* What is required
Your answer should reproduce every line of the material in which the word "Crab" occurs.

* Material provided
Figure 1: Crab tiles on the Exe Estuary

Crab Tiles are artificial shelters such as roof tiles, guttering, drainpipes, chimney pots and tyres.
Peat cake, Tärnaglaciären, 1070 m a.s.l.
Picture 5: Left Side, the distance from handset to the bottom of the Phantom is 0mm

...

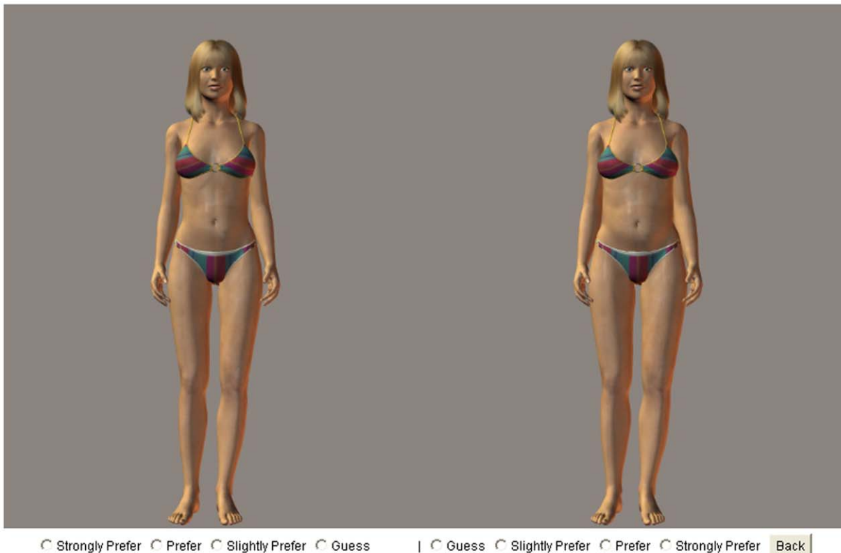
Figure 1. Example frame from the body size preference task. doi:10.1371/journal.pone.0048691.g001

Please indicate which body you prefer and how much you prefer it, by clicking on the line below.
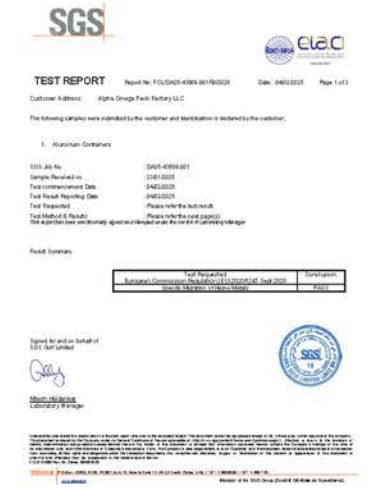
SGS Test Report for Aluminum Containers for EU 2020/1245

* Completed exercise
Figure 1: Crab tiles on the Exe Estuary
Crab Tiles are artificial shelters such as roof tiles, guttering, drainpipes, chimney pots and tyres.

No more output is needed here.